Enhanced reproducibility and transparency via Git-based version control and detailed changelogs.
Challenges and Considerations When Deploying Long-Running Claude
While promising, this approach also presents challenges:
Defining clear and measurable success criteria is essential to guide the agent effectively.
Some scientific tasks require deep domain expertise that may limit the agent’s autonomous capabilities.
Managing compute resources and job scheduling on HPC clusters requires infrastructure knowledge.
Ensuring robust test oracles and reference implementations is critical for reliable validation.
Human oversight remains important for steering, updating instructions, and interpreting results.
Practical Tips for Implementing Long-Running Claude Workflows
Start with a well-defined project scope and success metrics documented in
CLAUDE.md.Set up comprehensive unit tests and integrate them into the agent’s workflow as a test oracle.
Use Git for version control and mandate commits only after passing all tests.
Leverage HPC clusters and terminal multiplexers to run sessions asynchronously and at scale.
Regularly review changelogs and update instructions to refine the agent’s approach.
Combine autonomous agent work with periodic human intervention for quality assurance.
Future Directions for AI-Driven Scientific Computing
Long-running Claude workflows represent a step toward more autonomous scientific discovery.
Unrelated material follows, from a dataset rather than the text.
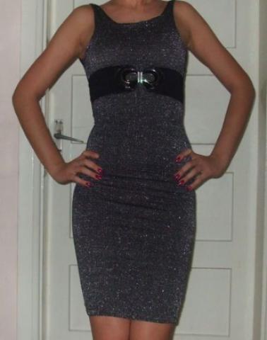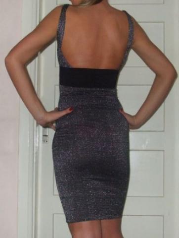 Juoda su sidabriniais blizgučiai, atvira nugara. Įmanoma patrumpinti, išryškina figūrą, truputį laisva per šonus. xs/s. Be diržo. 50 Lt.

As AI models improve, we anticipate:
Greater integration of domain-specific knowledge bases to enhance agent expertise.
More sophisticated orchestration patterns allowing multiple agents to collaborate in parallel.
Expanded use of differentiable programming and gradient-based inference across scientific domains.
Improved interfaces for human-agent collaboration, enabling seamless steering and feedback.
Broader adoption within academic and industrial research environments to accelerate innovation.
Frequently Asked Questions
CLAUDE.md for project instructions and CHANGELOG.md as a progress log, enabling it to remember past work, update plans, and avoid repeating failed approaches across sessions.Call To Action
Unlock the potential of autonomous AI agents like Claude to accelerate your scientific computing projects. Implement long-running workflows with persistent memory, rigorous testing, and scalable infrastructure to transform complex research tasks into manageable, efficient processes.
Note: Provide a strategic conclusion reinforcing long-term business impact and keyword relevance.